Wednesday, December 16, 2009

How You Roll back a Devce Driver

When new driver updates or application updates are released sometimes they cause more problems than they fix. With Windows drivers it is relatively easy to roll back to the last driver.
  • Bring up your device manager (Right Click on My Computer --> Manage --> Device manager).
  • Find the device that you want to rollback and right click and select properties
  • Click on the driver Tab and you should see an image something like below


Can you see the Roll Back Driver button - click that button and follow the prompts to restore  your previous driver version.

Sunday, December 13, 2009

Usb Safely Remove Hardware

When using USB removable devices like portable USB sticks or USB hard drives you need to ensure that the data you change on the drives is written to the drive completely.  Generally by default the properties for USB devices are set to write caching and when you want to remove the drive you need to use the 'Safely Remove Hardware' option to make sure all data is flushed to the drive.

Write caching essentially means that any changes you make are either kept in memory or hard disk virtual memory to be written to the drive at a later time.  Ideally data should be written to the device during idle time however that does not always occur.  The possible result of removing a device before data is synced is data corruption.

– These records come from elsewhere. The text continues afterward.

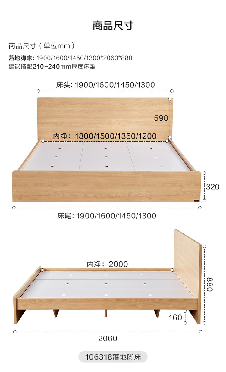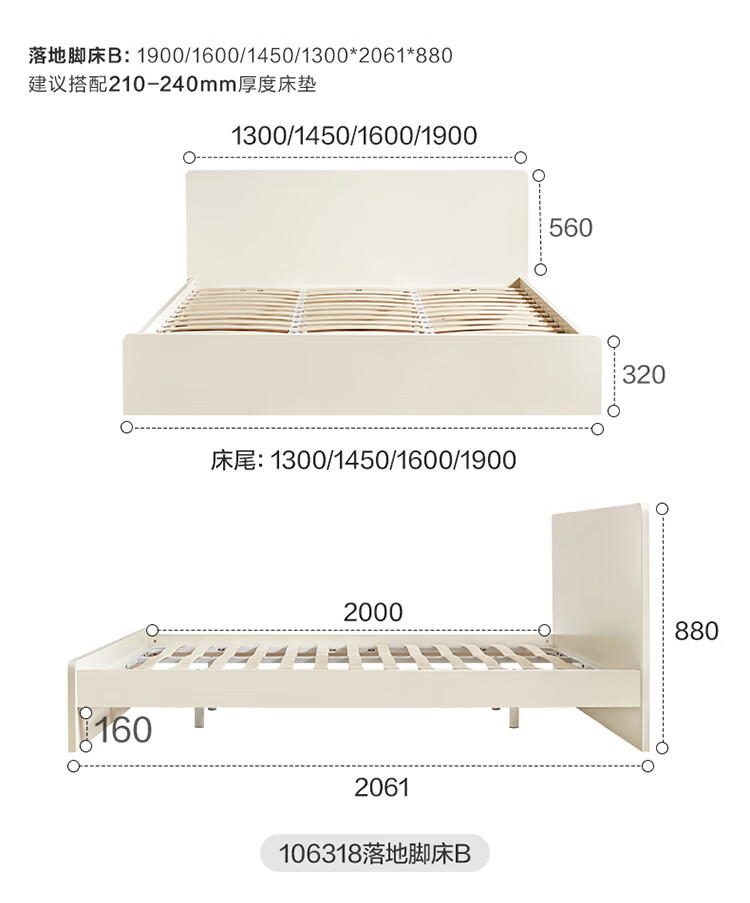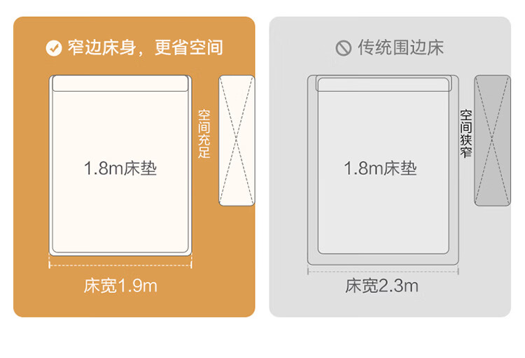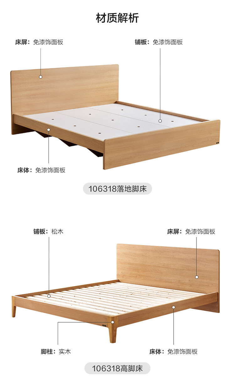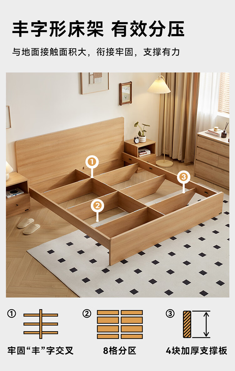 全友家居奶油风单人板式床小户型主卧室1.5米X2米高箱储物收纳双人床 【象牙白 | 常规落地脚款 】床+床垫 1.2x2米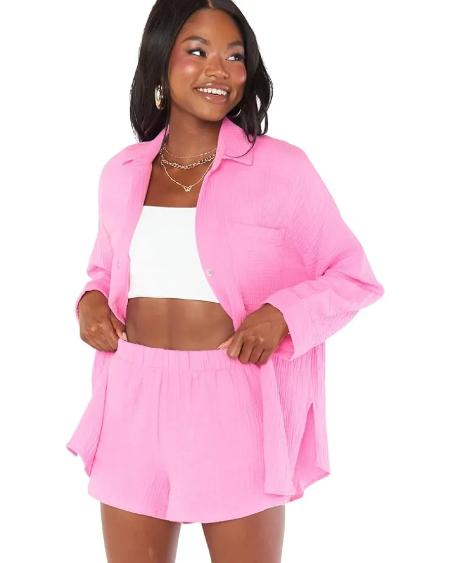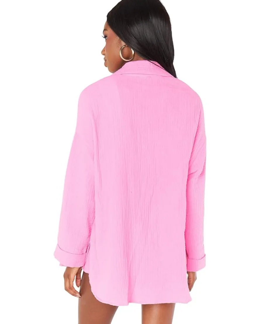- Style your pretty look in the soft and oversized gauze Show Me Your Mumu™ Weekday Button-Up shirt for a fun weekend this season.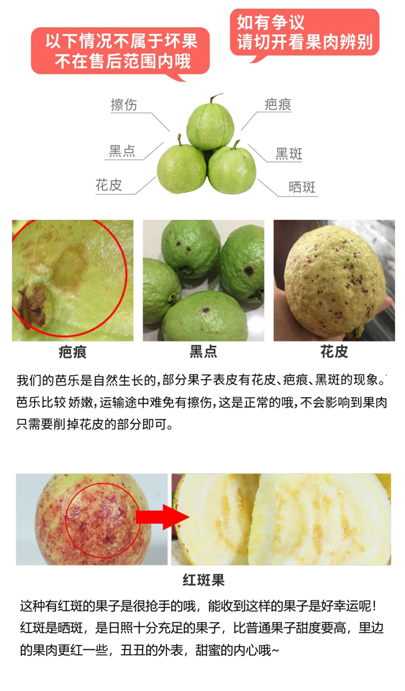 ①芭乐属于自然生长,受环境影响,部分果子表面带有斑点、果疤,个头大小现象属于正常现象,不在售后范围内。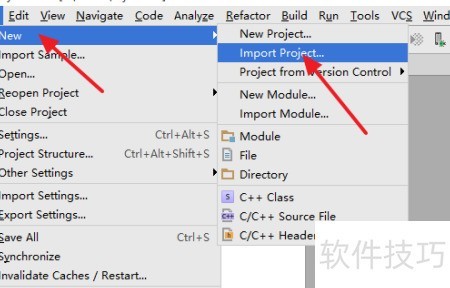 2、 在下拉菜单中依次选择New→Import Module,打开项目导入界面。需注意应导入Module而非Project,若选择导入Project,Android Studio会自动新建窗口进行编辑,如此便无法作为库模块使用,违背了作为Library的初衷,影响后续集成与调用。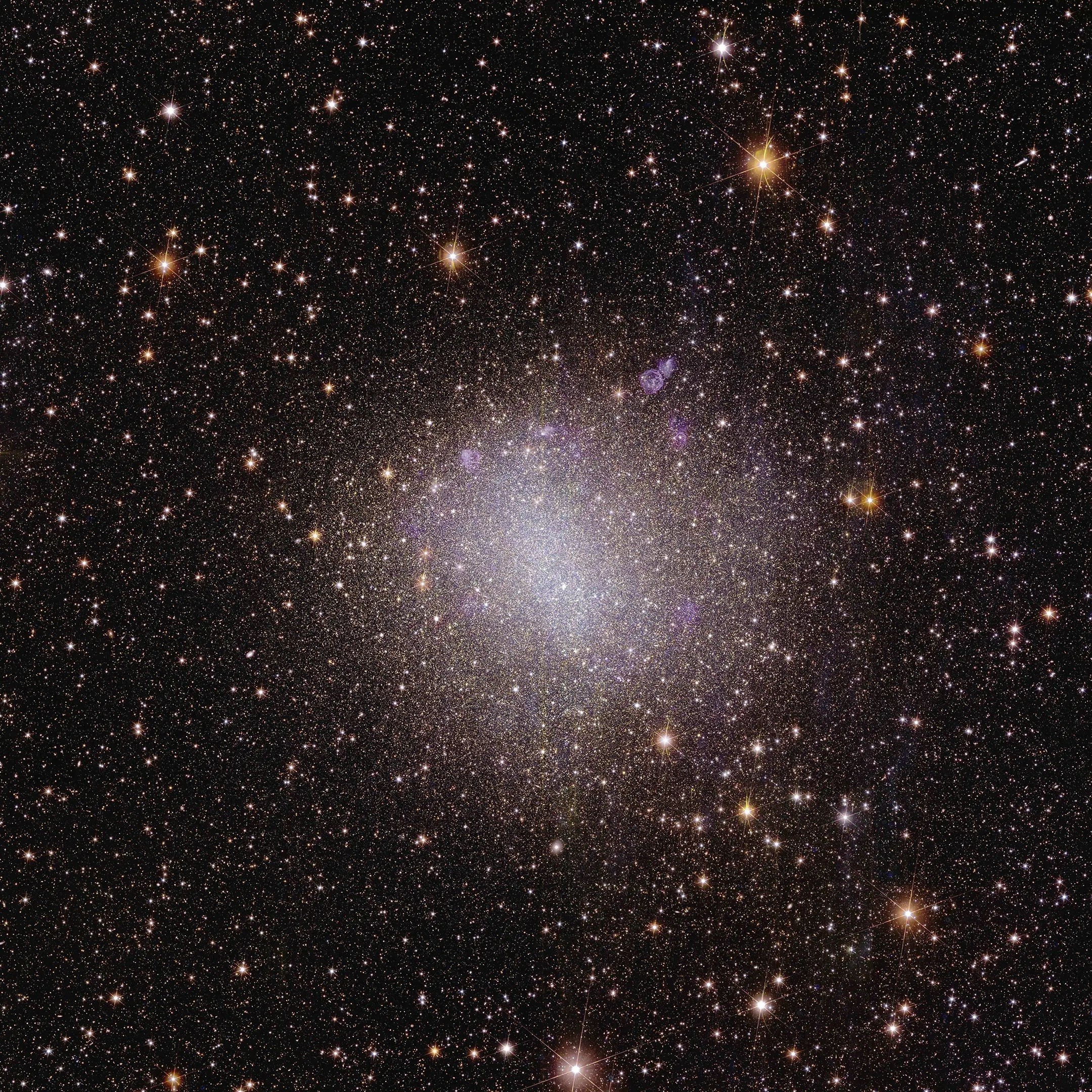 Впечатляющее изображение скопления галактик Персея демонстрирует важность темной материи. Евклид обнаружил множество слабых галактик, которые ранее были невидимыми, даже несмотря на их огромное расстояние (свету потребовалось 10 миллиардов лет, чтобы дойти до нас). Карта их распределения и формы поможет ученым лучше понять, как темная материя способствовала формированию нынешнего облика Вселенной.

What you can do to avoid data loss and save time is set individual policies for your drives whether they're removable or fixed.  Here are the steps:
  • Go to My Computer and right click on an drive and left click on properties
  • Click on Hardware tab and select one of the USB drives for example
  • Click on properties and then click on the policies tab
Now you should see a tab that looks something like this:



Now if you use a USB stick for quick transfers only you could select 'Optimize for quick removal' which will mean slower performance than caching.  If you use a hard drive that is semi-permanent you may want to select optimize for performance, ie, write caching is enabled.  The risk is if you have a power failure you could lose some data.

You can set these policies for each individual drive.  Fixed drive policies have a slightly different screen however you can still select or de-select write caching.

Wednesday, December 2, 2009

Printing a File Quickly

Here's a tip to save time when printing a file or group of files.  You can print documents or images in a multitude of ways but this is a real time saver.  Open up your printers folder and create a shortcut to your desktop for the printer(s) you use.

Now to print a file you simply click and drag over the printer icon and release.  The application the file was created in will launch and automatically print to the printer you created the shortcut.  Best thing is you can do this with multiple files of different types like a Wordpad and Notepad file for example.